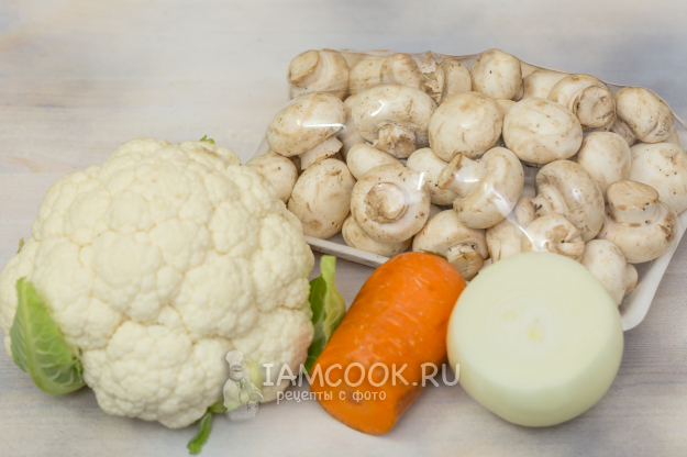 Подготовьте продукты для приготовления цветной капусты с грибами на сковороде.
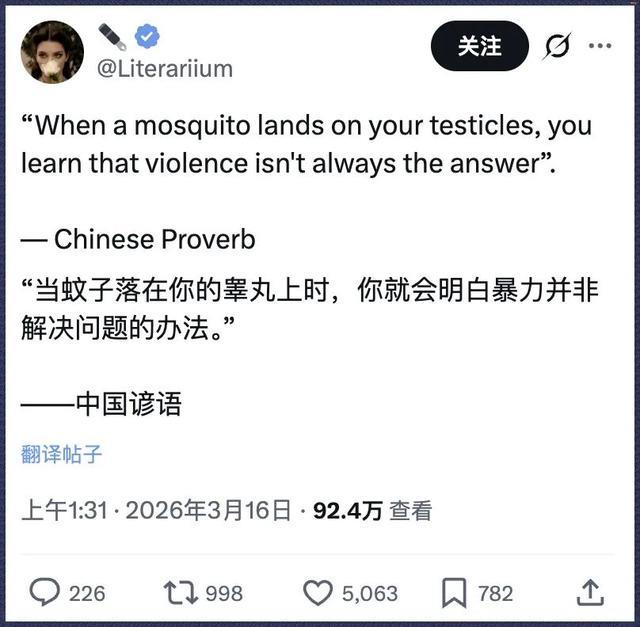 当然,这个成语是我现编的,原句其实是“当蚊子落在你的睾丸上时,你就会明白暴力并非解决问题的办法”——有点类似投鼠忌器的“信达雅”版本,抽象中又带着点道理。
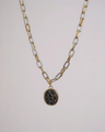 Una collana con maglie d’acciaio e una catena robusta ma raffinata, maglie piatte e lucide che seguono il collo con un carattere deciso. Al centro scende un pendente rotondo tempestato di cristalli neri, taglio sfaccettato che cattura la luce con riflessi profondi. L’insieme è audace e molto accattivante, perfetto per chi cerca un look contemporaneo e di forte personalità.
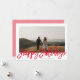 This modern yet elegant holiday photo card features a single horizontal photo over a classic white background, and a greeting in red script which says "Happy Holidays". This design accommodates a single horizontal photo on the front. The back of the card is a coordinating red and white stripe pattern, but can be removed if desired. You can also add another photo and/or additional text to the back.
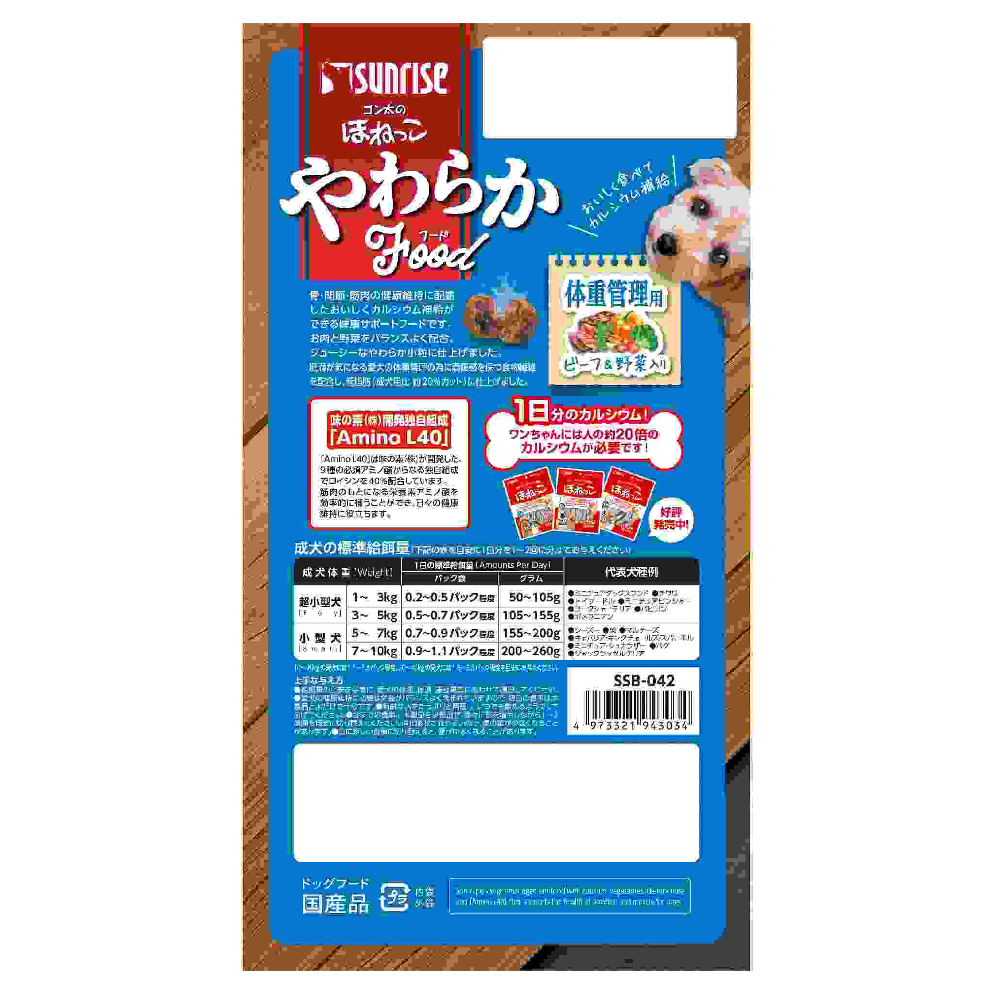 お肉と野菜をバランスよく配合、ジューシーなやわらか小粒に仕上げました。骨・関節・筋肉の健康維持に配慮したおいしくカルシウム補給ができる健康サポートフードです。肥満が気になる愛犬の体重管理の為に満腹感を保つ食物繊維を配合し、低脂肪(成犬用比 約20%カット)に仕上げました。
====
## WHAT TO DO
A verbatim copy of the material, pictures excluded, is what must be produced.

## OUTPUT
 Подготовьте продукты для приготовления цветной капусты с грибами на сковороде.
 当然,这个成语是我现编的,原句其实是“当蚊子落在你的睾丸上时,你就会明白暴力并非解决问题的办法”——有点类似投鼠忌器的“信达雅”版本,抽象中又带着点道理。
 Una collana con maglie d’acciaio e una catena robusta ma raffinata, maglie piatte e lucide che seguono il collo con un carattere deciso. Al centro scende un pendente rotondo tempestato di cristalli neri, taglio sfaccettato che cattura la luce con riflessi profondi. L’insieme è audace e molto accattivante, perfetto per chi cerca un look contemporaneo e di forte personalità.
 This modern yet elegant holiday photo card features a single horizontal photo over a classic white background, and a greeting in red script which says "Happy Holidays". This design accommodates a single horizontal photo on the front. The back of the card is a coordinating red and white stripe pattern, but can be removed if desired. You can also add another photo and/or additional text to the back.
 お肉と野菜をバランスよく配合、ジューシーなやわらか小粒に仕上げました。骨・関節・筋肉の健康維持に配慮したおいしくカルシウム補給ができる健康サポートフードです。肥満が気になる愛犬の体重管理の為に満腹感を保つ食物繊維を配合し、低脂肪(成犬用比 約20%カット)に仕上げました。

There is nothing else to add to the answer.